4: In the face of a person who has betrayed me, can I really completely forgive and live the rest of my life without any doubt?
5: Why should I fix the relationship? What is the real reason?
6: If, without the betrayer, do I have the ability to make myself live well?
Asking yourself these few questions is far more beneficial than asking the truth about his betrayal of you. When you have asked yourself these few questions, whether the current marriage relationship is to be or not, you have a very accurate answer.
Some people who have experienced betrayal will be very repulsive to some words like "give time, you will let go, let go of yourself". In fact, this is to ignore the importance of talking to yourself under the influence of emotions.
People who are swayed by emotions are never a person who "solves problems". When you can remember your "purpose" to solve the problem no matter what, your emotions will not sway you.
At that point, you will understand how important it is for you to face reality, accept the bad coming, and solve the problems of the moment rationally for the rest of your life.
What is the problem that needs to be solved after experiencing betrayal?

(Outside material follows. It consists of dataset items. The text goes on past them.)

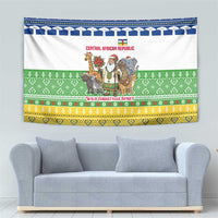 Central African Republic Christmas Tapestry with Santa and Safari Animals Baobab Trees Snowflakes and Tribal Pattern TS04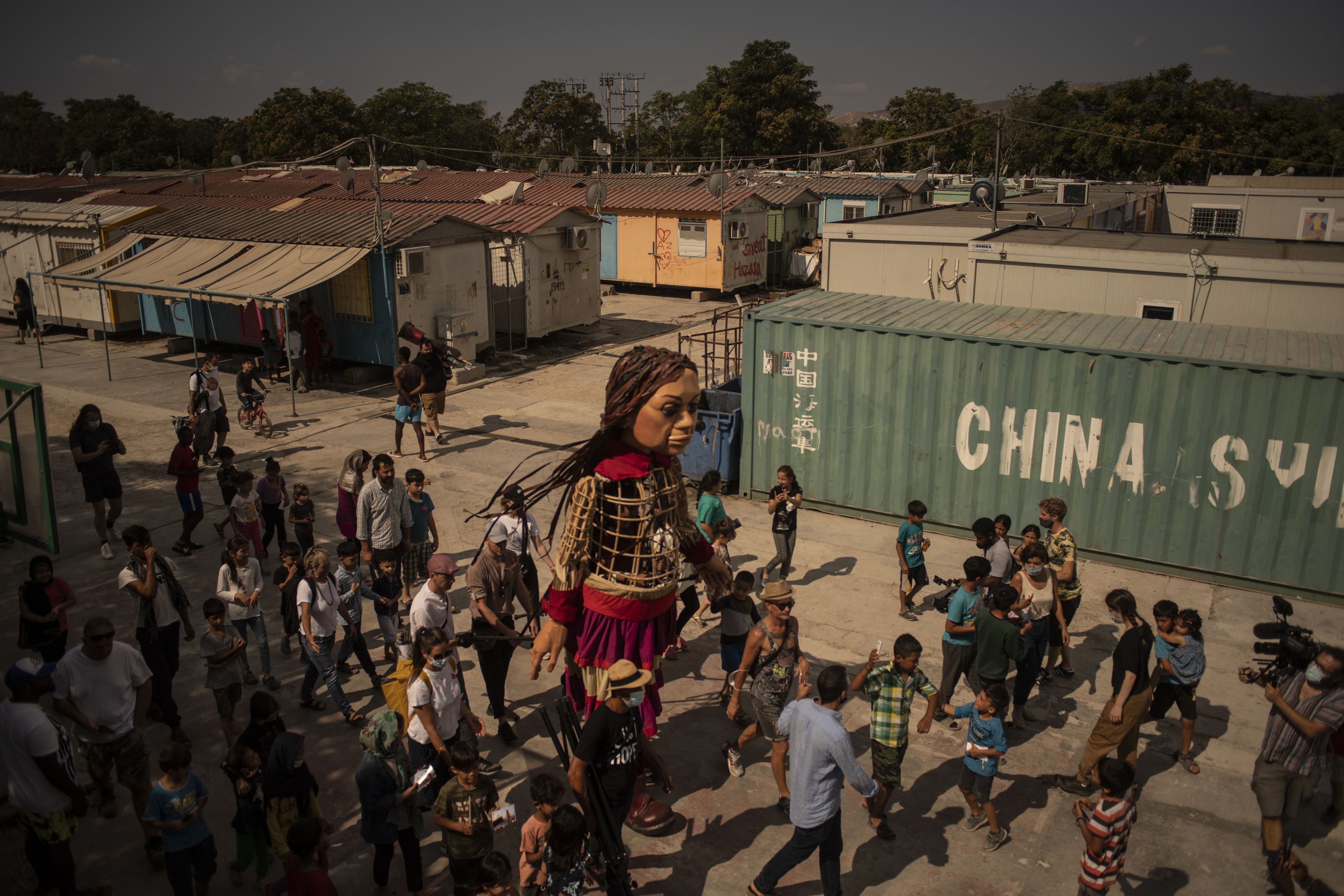 Little Amal walks through a refugee camp made up of shipping containers. Photo: André Liohn
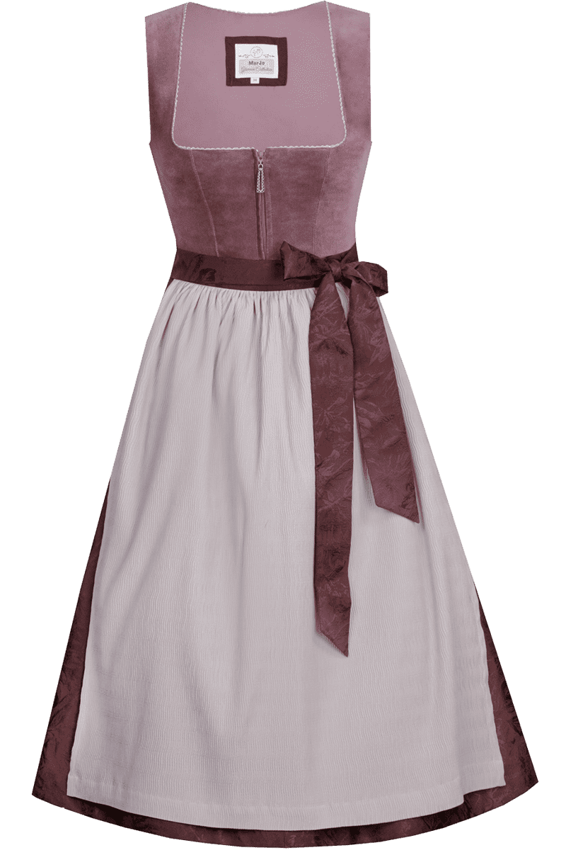 Das Midi-Dirndl IRSEE von MarJo beeindruckt mit einem eleganten Samtoberteil und einer romantischen Farbkombination in Traube/Mauve. Das hochwertige Design strahlt schlichte Eleganz aus und eignet sich hervorragend für besondere Anlässe.Eine besondere Eigenschaft ist das Oberteil aus feinem Samt. Der gerade Ausschnitt ist mit einer hübschen Zackenborte versehen, und der verdeckte Reißverschluss besitzt eine dekorative Verzierung in Altsilber. Die traditionellen Wiener Nähte betonen eine feminine Silhouette. Sowohl Dirndlblusen aus Spitze als auch klassische Baumwollblusen harmonieren wunderbar mit diesem Dirndl.Der weinrote Rock ist rundum in Falten gelegt und mit einem großen Blumenmuster verziert. Praktische Einschubtaschen auf beiden Seiten bieten Platz für wichtige Utensilien.Die Schürze ist mit ihrem auffälligen Wellenmuster und dem Schurzband, das aus dem gleichen Stoff wie der Rock gefertigt ist, ein echter Hingucker.In Größe 34 besitzt das Dirndl eine moderne lange Rocklänge von 75 cm.

There are roughly three aspects:
First: Do I have to choose to end the relationship?
Second: If the relationship continues, how do I get along with the betrayer to minimize my hurt?
Third: After the marriage relationship is over, how can I ensure my best interests?
Yes, people who can still retain a little sanity will find that the problem that people who experience betrayal need to solve is to weigh the pros and cons and how to maximize their own interests.
If you are completely disappointed in the betrayer and do not care about the interests, then you do not need to be angry, hateful, and do not need to dig up the truth of the betrayal of you, then you just need to stop the loss in time, try your best to get rid of the haze as soon as possible, and work hard for the rest of your life!
If you have to use hatred to put shackles on yourself, ignore the gains and losses, and fail to live up to the rest of your life, then you can only have to say 2 words to yourself one day: deserve it!
In real life, we often encounter some people who have experienced betrayal, and they cannot give up on the betrayer for reasons that they love deeply and cannot let go.
However, he is not willing to choose to forgive, and he has to dig out the truth of the betrayer's betrayal of himself, and then "prescribe the right medicine".
In fact, the truth about the betrayer betraying you can only be summed up in a few words:
The selfishness of long-planned malice and uncontrollable desire!
To be honest, such a person really has nothing worth spending your time and energy on.
Admittedly, after experiencing betrayal, whether the relationship ends is a choice, and whether to forgive is also a choice. It's just that, no matter what, you don't forget to take your sanity in your arms and don't let yourself get hurt and hurt more and more.
Some people are indispensable in your life, and some people, you should have invited them out of life in time!
The person who can betray you will never care about your feelings, and the person you think still cares about you and hurts you is a perfunctory pretense.
People who have betrayed you, don't expect them to be good to you again! Accepting this fact is more practical than digging up the truth that betrayed you!
I sincerely hope: you can understand!
—End—
Love is man's purgatory in the world. Love or friendship, the right time meets the right person to cultivate the right results!
Topic Discussion: What do you want to say to your once unconscious self? Stay in the comments section below!